Aim of the task :: Skip the pictures, and retype the data below in full, exactly.

Given material ::
§ §
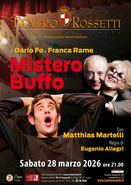 Sabato 28 marzo 2026, alle ore 21:00, sul palco del Teatro Rossetti, andrà in scena lo spettacolo “Mistero Buffo” di Dario Fo e Franca Rame, interpretato da Matthias Martelli e diretto da Eugenio Allegri, produzione del Teatro Stabile di Torino. Considerato il capolavoro di Dario Fo, “Mistero Buffo” rivive attraverso l’interpretazione intensa e coinvolgente di Matthias Martelli, che, solo sul palco e senza artifici scenici, accompagna il pubblico in un viaggio straordinario tra comicità, poesia e riflessione sociale. Uno spettacolo capace di alternare il riso alla denuncia, nel solco della tradizione dei giullari medievali, offrendo uno sguardo critico e attuale sulla realtà. Con oltre 200 repliche in Italia e all’estero, da Roma a Londra, da Milano a Bruxelles, lo spettacolo ha conquistato pubblico e critica, confermandosi come una delle più efficaci riletture contemporanee dell’opera di Fo e Rame.
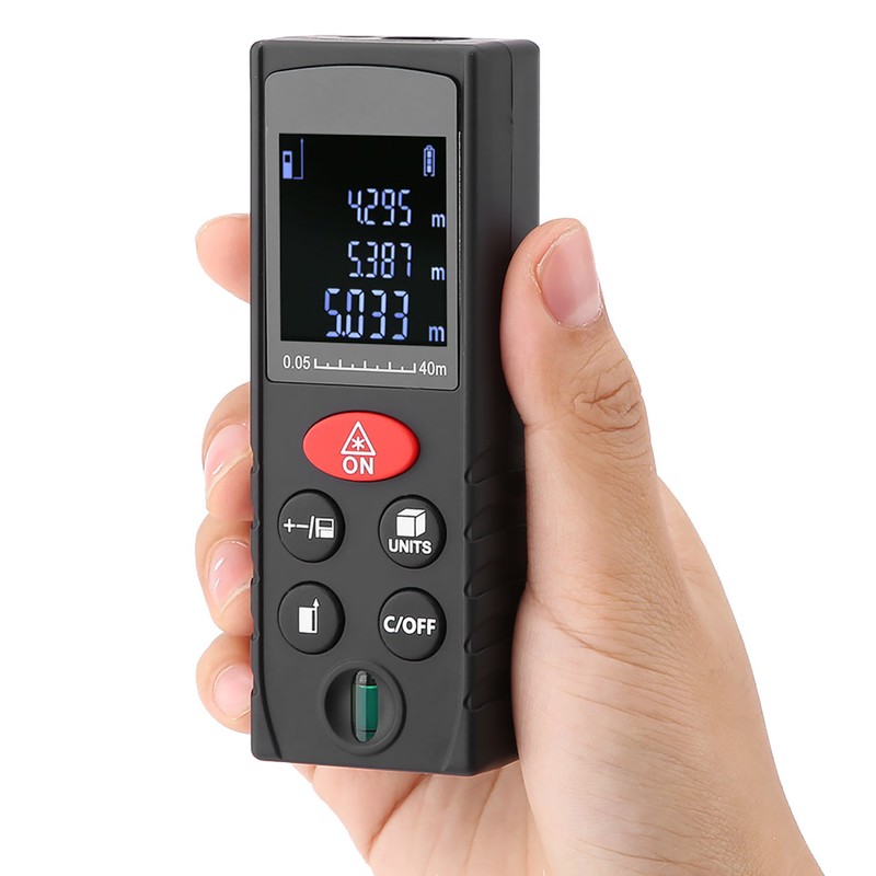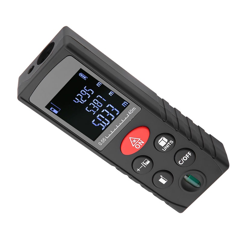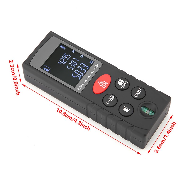 1、Mini digital laser rangefinder with angular indication, accurate measurement. 2、High accuracy laser range finder can be used to measure distance, area and volume. 3、Compact size and portable design, convenient to carry. 4、Adopt LCD backlit display, convenient to read data in the dark. 5、The instrument can be widely used in building and industry, especially in the room, apartment buildings, factories and other large area.
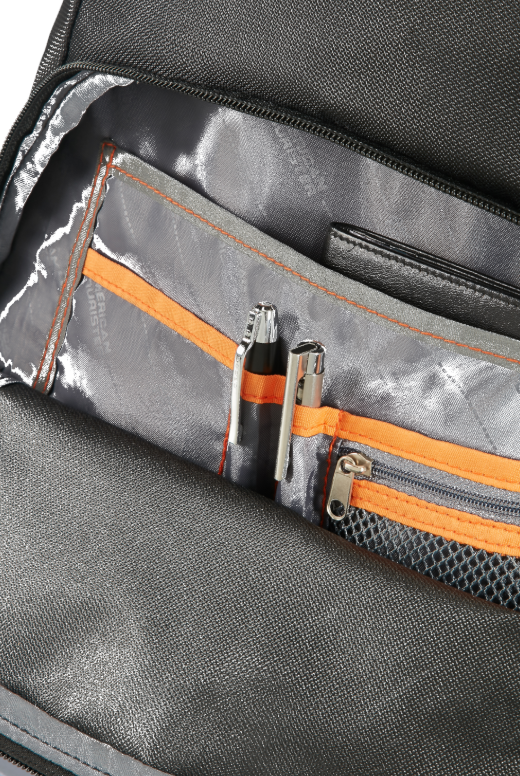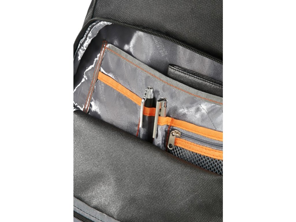 Na čelní straně batohu se nachází jedna větší kapsa, která slouží jako organizér, jsou zde kapsičky a přihrádky na propisky, dále na čelní straně najdete další zipovou kapsu
§ §
Written answer ::
 Sabato 28 marzo 2026, alle ore 21:00, sul palco del Teatro Rossetti, andrà in scena lo spettacolo “Mistero Buffo” di Dario Fo e Franca Rame, interpretato da Matthias Martelli e diretto da Eugenio Allegri, produzione del Teatro Stabile di Torino. Considerato il capolavoro di Dario Fo, “Mistero Buffo” rivive attraverso l’interpretazione intensa e coinvolgente di Matthias Martelli, che, solo sul palco e senza artifici scenici, accompagna il pubblico in un viaggio straordinario tra comicità, poesia e riflessione sociale. Uno spettacolo capace di alternare il riso alla denuncia, nel solco della tradizione dei giullari medievali, offrendo uno sguardo critico e attuale sulla realtà. Con oltre 200 repliche in Italia e all’estero, da Roma a Londra, da Milano a Bruxelles, lo spettacolo ha conquistato pubblico e critica, confermandosi come una delle più efficaci riletture contemporanee dell’opera di Fo e Rame.
 1、Mini digital laser rangefinder with angular indication, accurate measurement. 2、High accuracy laser range finder can be used to measure distance, area and volume. 3、Compact size and portable design, convenient to carry. 4、Adopt LCD backlit display, convenient to read data in the dark. 5、The instrument can be widely used in building and industry, especially in the room, apartment buildings, factories and other large area.
 Na čelní straně batohu se nachází jedna větší kapsa, která slouží jako organizér, jsou zde kapsičky a přihrádky na propisky, dále na čelní straně najdete další zipovou kapsu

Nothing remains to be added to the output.